A fairly wellknown heuristic for TSP that is based on matching is described in the 2003 paper Match twice and stitch: a new TSP tour construction heuristic by Andrew B. Kahng and Sherief Reda.
Its basic idea is to generate a vertex-covering collection of even cycles via the union of two edge-disjoint matchings and then striving to optimally combine the cycles to arrive at a short Hamilton cycle.
The performance of that heuristic is reportedly good.
My question is however related to a different idea of "directly" constructing short Hamilton cycles of a graph with $n=2^k$ vertices by starting with a minimum weight matching, defining the matching edges to be the "root-paths" having level $0$. The paths of the next level are then generated by optimally connecting pairs of paths from the previous level and to finally insert the edge that connects the ends of the final path. That idea has already been pursued in the 1996 German phd thesis *Traveling Salesman Problem mit iteriertem Matching* (Traveling Salesman Problem via Iterated Matching) by Frank Lauxtermann.

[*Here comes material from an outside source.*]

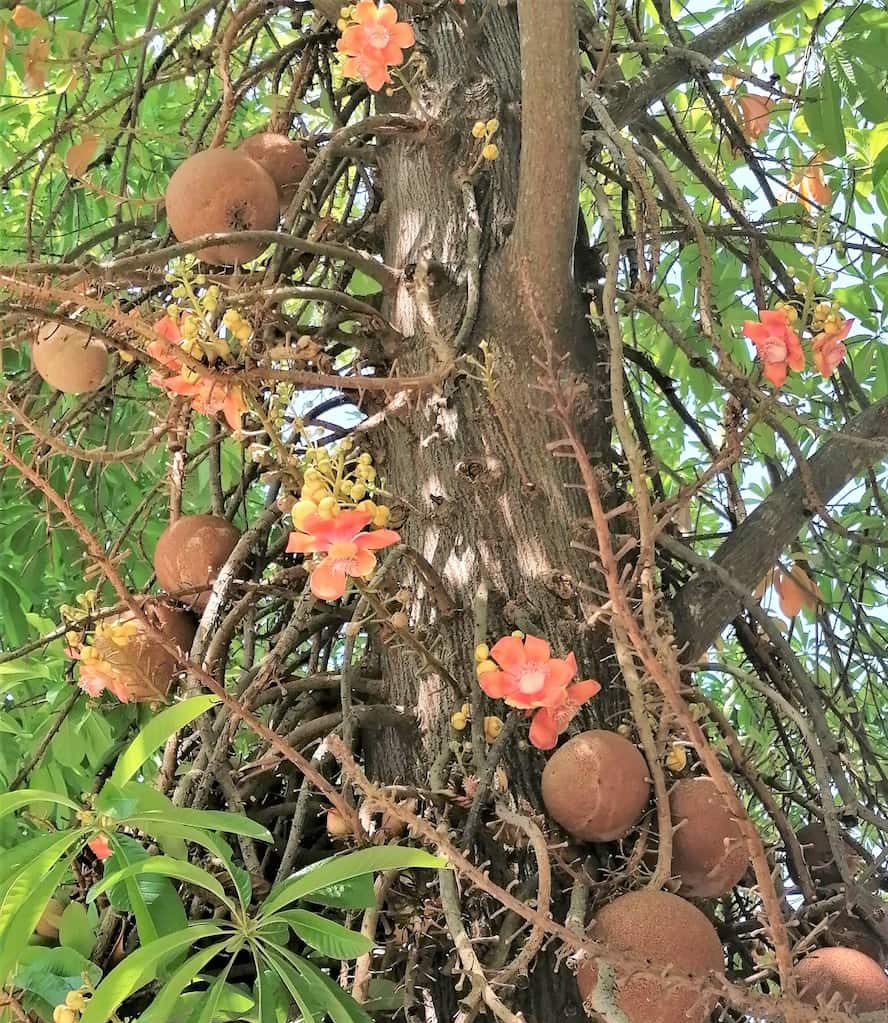 Sur la droite, vous verrez un arbre  »boulets de canon » sacré pour les bouddhistes, car Bouddha serait né et mort près d’un couroupita guanensis. Puis vous pourrez passer 3 fois sous l’éléphant en bois de teck à 3 têtes, cela apporterait bonne fortune.

That paper is however the only one I could find where the idea of repeatedly combining pairs of paths at minimal cost is mentionend and apart from that the algorithm in the cited paper left a fuzzy impression on me in the sense that the combination of paths is based on rather involved criteria that aim at yielding low-weight combinations.
Questions:
- has the idea to repeatedly combining pairs of paths (starting with the set of edges in a matching) also been investigated by other authors?
- what is known about algorithms for determining the pairs of paths whose optimal combination yields the optimal solution of reducing the number of paths from $2m$ to $m$?